Show a summary per file
| File | Description |
|---|---|
site_analysis/builders.py |
Adds builder-level validation knobs and checks (pre-build atom-distance; post-build duplicate-site detection). |
tests/test_builders.py |
Updates builder reset test to mock validation calls and adds a dedicated validation test suite. |
tests/test_numba_validation.py |
Updates argyrodite reference Mg coordinate used in validation runs. |
tests/benchmark_dynamic_voronoi.py |
Updates argyrodite reference Mg coordinate used in benchmarks. |
tests/benchmark_containment.py |
Updates argyrodite reference Mg coordinate used in benchmarks. |
tests/validate_decoupling.py |
New script to run/compare full argyrodite analyses across site types for correctness + timing. |
tests/benchmark_before_after.py |
New before/after benchmark script for decoupling performance checks on real MD data. |
tests/benchmark_all_site_types.py |
New benchmark script to time per-frame assignment across all four site types. |
docs/source/tutorials/residence_times_and_transitions.md |
Updates tutorial reference coordinate for Mg (type 2) and annotates Wyckoff position. |
docs/source/tutorials/argyrodite_site_definitions.ipynb |
Updates notebook to corrected Mg coordinate and clears execution outputs. |
docs/scripts/generate_notebooks.py |
Keeps generated notebook/tutorial content in sync with corrected Mg coordinate. |
Comments suppressed due to low confidence (1)
tests/test_builders.py:1194
- The “state reset after build” and “reset()” tests now claim to verify the builder resets its entire state, but they don’t set/assert the new
_min_atom_distanceattribute. Consider setting it to a non-default value before build/reset and asserting it returns to the default (0.5) so these tests continue to cover all builder state as the class evolves.
# Set state directly to non-default values
builder._structure = Mock(spec=Structure)
builder._reference_structure = Mock(spec=Structure)

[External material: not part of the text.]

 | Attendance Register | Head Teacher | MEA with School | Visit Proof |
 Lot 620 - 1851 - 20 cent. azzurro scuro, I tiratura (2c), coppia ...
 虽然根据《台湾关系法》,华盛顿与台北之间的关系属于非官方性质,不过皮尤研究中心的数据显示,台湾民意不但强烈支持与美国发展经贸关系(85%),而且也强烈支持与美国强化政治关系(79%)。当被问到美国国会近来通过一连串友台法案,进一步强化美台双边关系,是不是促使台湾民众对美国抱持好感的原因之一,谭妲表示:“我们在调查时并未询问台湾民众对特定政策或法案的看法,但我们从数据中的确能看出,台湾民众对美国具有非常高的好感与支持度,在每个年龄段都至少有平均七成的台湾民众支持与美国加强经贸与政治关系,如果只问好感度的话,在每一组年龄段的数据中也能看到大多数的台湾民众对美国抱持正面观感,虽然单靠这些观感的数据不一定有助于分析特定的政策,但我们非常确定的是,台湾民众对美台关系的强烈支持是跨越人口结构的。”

builder._mobile_species = "Li"
builder._atoms = [Mock(spec=Atom)]
builder._align = False
builder._align_species = ["Na"]
builder._align_metric = "max_dist"
builder._mapping_species = ["Cl"]
builder._site_generators = [lambda: []]
# Mock the methods called within build (including validation)
with patch('site_analysis.builders.atoms_from_structure'), \
patch('site_analysis.builders.Trajectory'), \
patch('site_analysis.builders.Site.reset_index'), \
patch.object(builder, '_validate_reference_atom_distances'), \
patch.object(builder, '_validate_unique_sites'):
# Call build
builder.build()
# Verify entire state is reset
self.assertIsNone(builder._structure)
self.assertIsNone(builder._reference_structure)
self.assertIsNone(builder._mobile_species)
self.assertIsNone(builder._atoms)
self.assertTrue(builder._align) # Default is True
self.assertIsNone(builder._align_species)
self.assertEqual(builder._align_metric, 'rmsd')
self.assertIsNone(builder._mapping_species)
self.assertEqual(builder._site_generators, [])
💡 Add Copilot custom instructions for smarter, more guided reviews. Learn how to get started.
- Fix with_min_atom_distance docstring to accurately describe when the check runs (whenever a reference structure is set, not only for polyhedral/dynamic Voronoi workflows) - Rename `label` to `index_attr` in _validate_unique_sites to avoid confusion with Site.label - Add with_min_atom_distance to the builder guide method reference - Add Reference Structure Validation section to the builder guide covering close-atom and duplicate-site checks
This file contains hidden or bidirectional Unicode text that may be interpreted or compiled differently than what appears below. To review, open the file in an editor that reveals hidden Unicode characters.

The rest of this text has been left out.